Some shouts of approval could be heard through the noise, and Brother Bethune continued in rising shouts of his own. “Jack was getting to be one of the best-known farmers of this end of the ridge! He raised all his folks’ cotton and corn, sorghum, hay and peas, peanuts, potatoes, and watermelons! And all needing him as bad as I ever saw crop needing man! He’d grind him his cane at the
right time and sell his syrup to the public!” As Jack made his way down the table, Brother Bethune’s tongue got faster and faster. “Cuts him and sells him his wood in winter, and all of it goes to Curly Stovall—the Renfros don’t even get the sawdust! Ha! Ha! Ha! Slops him a pig or two! Concerned in raising him a herd of milkers! And his daddy’s still got two left for him to start over with! Best of all, he helps his father and mother by living with ’em! And now! Now that he’s come through all his trials and troubles unscathed and is about to take up where he left off and get everybody back to as good as before—all right, then! Today, the one that gets the baby-kiss for coming the farthest is—Jack Renfro! How do you like that for a change, Brother Nathan? All right, Jack!” shouted Brother Bethune, though he could scarcely have been heard by now over the other shouts, the teasing, and the dog-barking. “You wasn’t a lick too soon!”
A baby, like something coming on wings, was shoved into Jack’s face.
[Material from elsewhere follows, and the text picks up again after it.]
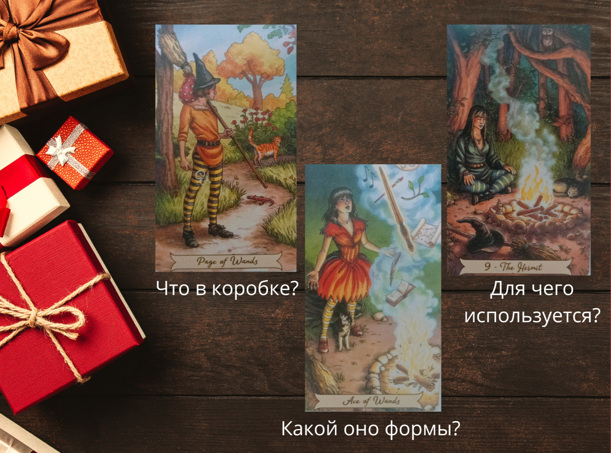 Тарологи тоже люди и любят развлечения, а если развлечения предполагают использование карт Таро - вдвойне приятно :) Кто-то, не обязательно еще один таролог, прячет что-то в коробку. Ваша задача - догадаться что в ней. Колоду можно выбрать на ваше усмотрение и задавать любые вопросы, в любом количестве, главное самому потом не запутаться. Итак, моя коллега спрятала что-то в небольшой коробочке 10*10*10 см, попробуем выяснить, что там :) У меня три вопроса: Что в коробке? - Паж Жезлов. Жезлы - социальная масть, связанная с общением и коммуникации. В этой колоде Паж собрался в путь - это что-то, что человек берет в дорогу, или, если выходит из дома по каким-то делам, и связано с общением и взаимодействием с людьми. Какой оно формы? - Туз Жезлов. Что-то в форме палки :) Пока идей нет... Для чего используется? - Отшельник. Это используется для расслабления и возможности побыть одному, погрузиться в себя. Получается два противоположных значения, одно - для коммуникации, второе - для одино

It was still Lady May, in Aunt Nanny’s hands.
“Haul yourself off the sugar barrel, Noah Webster—that’s Jack’s,” said Miss Beulah, and he had to bring up a stepladder for himself and wedge it in on the other side of Aunt Cleo, almost in Miss Lexie Renfro’s lap. Miss Beulah pushed Jack onto the barrel there at the foot of the table, where he and Granny could face each other, and cried, “Now, start catching up!” as she turned a dozen pieces of chicken onto a platter in front of him. “All right, Gloria,” she said. “Now you. I saved you the baby-rocker.”
Gloria lowered herself and slid in. The rocker, there below Jack’s barrel, was slick as a butter paddle and so low to the ground that her chin was barely on a level with the edge of her plate. The baby sat on her lap; only her little cockscomb could have been visible to those up and down the table.
“Did Brother Bethune forgive Jack? Or not?” Aunt Birdie was asking the other aunts.